* [Task directions]: When the line containing "Настенная Наклейка для" is found in the data below, copy it and each line after it through the line containing "USBR photo P45-301-2883Collection", exactly and with no others.

* [Records shown]:

§ §

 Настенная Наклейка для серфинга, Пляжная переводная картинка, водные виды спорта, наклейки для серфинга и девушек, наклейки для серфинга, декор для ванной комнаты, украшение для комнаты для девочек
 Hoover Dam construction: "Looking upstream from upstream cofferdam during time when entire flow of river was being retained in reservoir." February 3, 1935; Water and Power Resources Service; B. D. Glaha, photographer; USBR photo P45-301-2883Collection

§ §

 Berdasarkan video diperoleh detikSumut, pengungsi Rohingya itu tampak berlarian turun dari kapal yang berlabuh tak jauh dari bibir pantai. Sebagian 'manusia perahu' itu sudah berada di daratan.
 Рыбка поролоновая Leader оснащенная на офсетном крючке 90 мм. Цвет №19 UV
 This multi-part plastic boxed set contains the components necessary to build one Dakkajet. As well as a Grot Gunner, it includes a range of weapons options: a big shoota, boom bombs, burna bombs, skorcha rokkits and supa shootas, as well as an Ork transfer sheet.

§ §

* [Response]:
 Настенная Наклейка для серфинга, Пляжная переводная картинка, водные виды спорта, наклейки для серфинга и девушек, наклейки для серфинга, декор для ванной комнаты, украшение для комнаты для девочек
 Hoover Dam construction: "Looking upstream from upstream cofferdam during time when entire flow of river was being retained in reservoir." February 3, 1935; Water and Power Resources Service; B. D. Glaha, photographer; USBR photo P45-301-2883Collection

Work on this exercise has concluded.